Enhertu FDA Approvals for Early Breast Cancer

Trastuzumab deruxtecan (fam-trastuzumab deruxtecan-nxki), a HER2-directed antibody drug conjugate developed by Daiichi Sankyo and AstraZeneca, has received two new approvals from the United States — Food and Drug Administration. These approvals are for the neoadjuvant and adjuvant treatment of patients with HER2-positive early breast cancer.
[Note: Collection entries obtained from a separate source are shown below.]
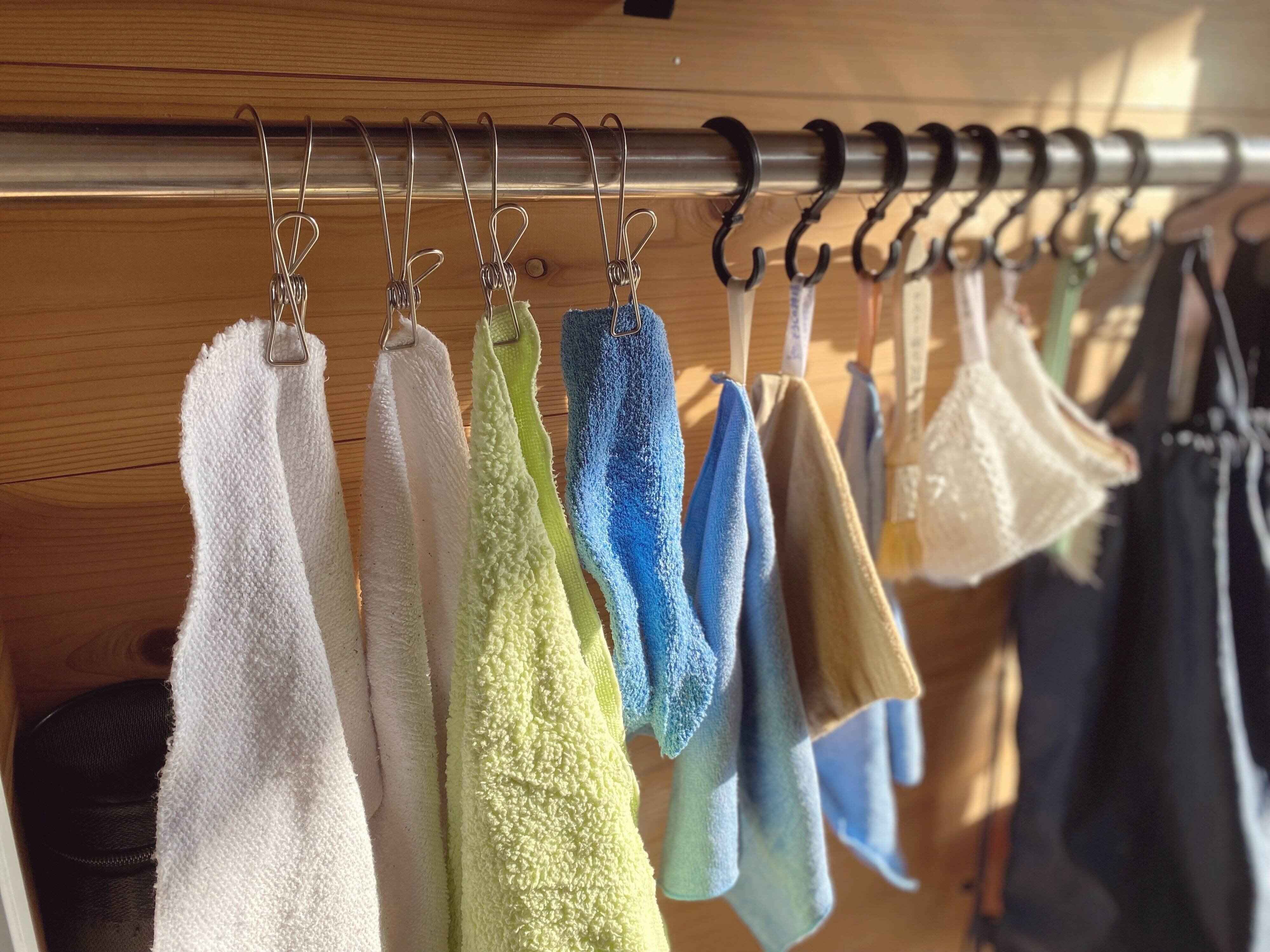 勝手口のような家族しか使わない場所にポールを取り付け、掃除グッズをまとめて吊り下げておく方法はおすすめです。
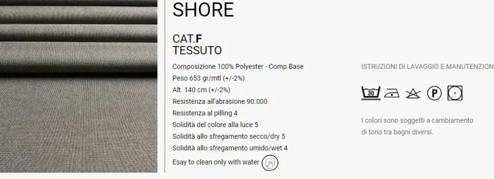 - Rivestimento: tessuto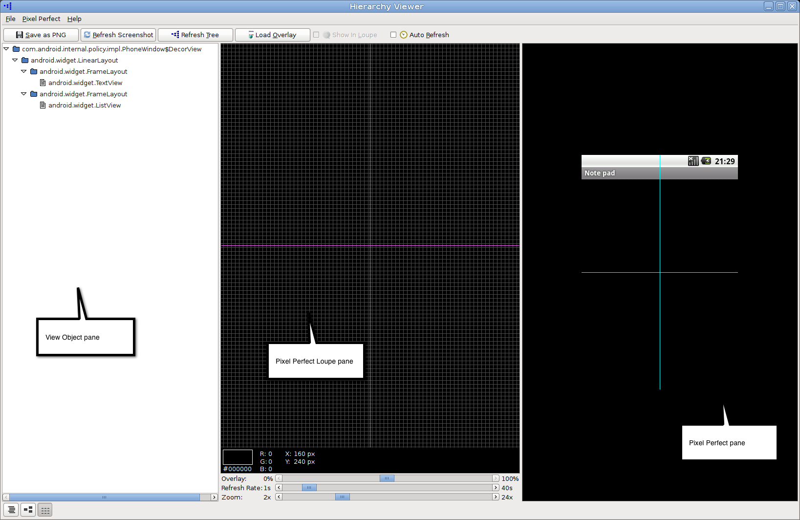 • View Object pane: This is a hierarchical list of the View objects that are currently visible on the device or emulator screen, including both the ones in your application and the ones generated by the system. The objects are listed by their View class. To see the class names of a View object's children, expand the View by clicking the arrow to its left. When you click a View, its position is highlighted in the Pixel Perfect pane on the right.

The neoadjuvant approval is for adult patients with HER2-positive stage 2 or stage 3 breast cancer, while the adjuvant approval is for adult patients with HER2-positive breast cancer who have residual invasive disease after prior neoadjuvant therapy. These approvals are based on positive results from the DESTINY-Breast11 and DESTINY-Breast05 Phase III trials, which demonstrated significant improvements in pathologic complete response and invasive disease-free survival, respectively. Following these approvals, AstraZeneca will pay Daiichi Sankyo $155 million in milestone payments, and Daiichi Sankyo will recognize the sales of Trastuzumab deruxtecan in the U.S. This expansion into early-stage breast cancer treatment positions Trastuzumab deruxtecan as a potential new standard of care, offering new hope for patients and families.